Supplied entries -

[Start of Attachment]

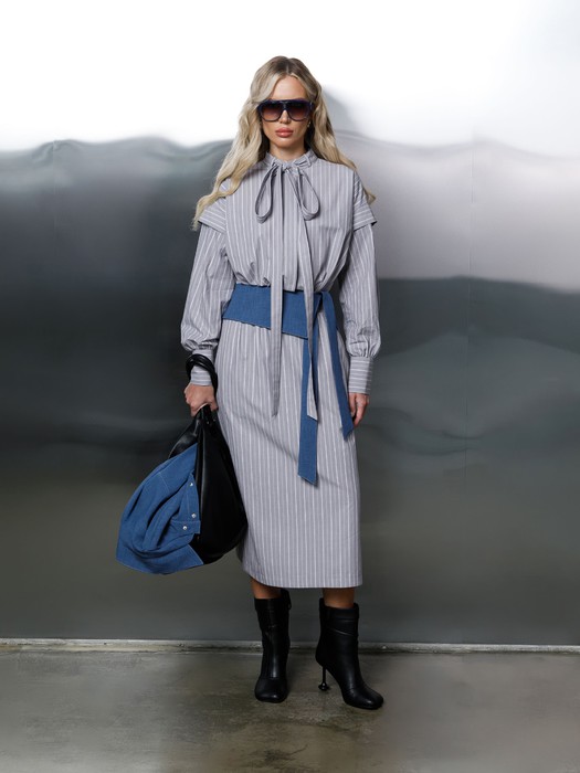 Модель прямого силуэта, со спущенным плечом, отрезное по талии, с втачным поясом, частично собранным на резину. В верхней части переда потайная застёжка на петли и пуговицы. Спинка с кокеткой, под кокеткой отлетная планка. В боковых швах карманы. В среднем шве спинки обработана шлица. Воротник стойка со шлёвками, в которые вставлен съёмный завязывающийся бант. По окату рукава декоративная планка, по низу разрез, сборка и широкая манжета с застёжкой на пуговицы.
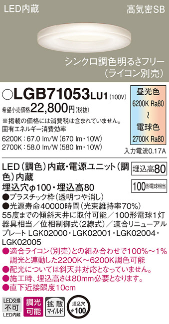 Panasonic ¥À¥¦¥ó¥é¥¤¥È LGB71053LU1
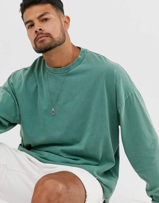 ASOS DESIGN - Oversized recht T-shirt met lange mouwen in groen met acid wash
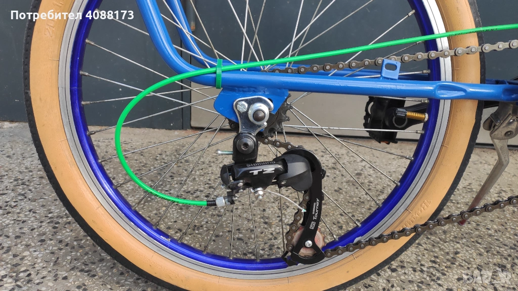 Сглобен 2026 г. с нови части - заден дерайльор (5 скорости) "Shimano Toutnier", преден дерайльор "Shimano" (3 скорости). Алуминиеви курбели с три плочи на средното движение и венец с 5 скорости на задната капла. Общо 5 х 3 = 15 скорости. Нови алуминиеви двустенни капли - 20 цола с нови вътрешни и външни гуми. Нова модерна предна вилка. Нова анатомична седалка Medicus Gel + калъвка с гел. Нови спирачки. Заден багажник. Има и нова багажна кошница за отпред. Възможен демонтаж на кошницата и монтаж на нов преден фар, включени в обявената цена.
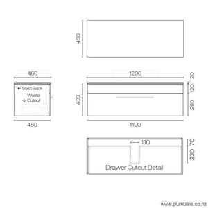 IMPORTANT NOTE: This vanity is not supplied with any tap or waste cut out holes. Standard sized drill bits are provided and it is the responsibility of the installer to drill these holes in to the benchtop.

[End of Attachment]

The task -
In the entries above, find the line that contains "ASOS DESIGN - Oversized", then repeat exactly every line from the first one through that line, with no pictures.

Task answer -
 Модель прямого силуэта, со спущенным плечом, отрезное по талии, с втачным поясом, частично собранным на резину. В верхней части переда потайная застёжка на петли и пуговицы. Спинка с кокеткой, под кокеткой отлетная планка. В боковых швах карманы. В среднем шве спинки обработана шлица. Воротник стойка со шлёвками, в которые вставлен съёмный завязывающийся бант. По окату рукава декоративная планка, по низу разрез, сборка и широкая манжета с застёжкой на пуговицы.
 Panasonic ¥À¥¦¥ó¥é¥¤¥È LGB71053LU1
 ASOS DESIGN - Oversized recht T-shirt met lange mouwen in groen met acid wash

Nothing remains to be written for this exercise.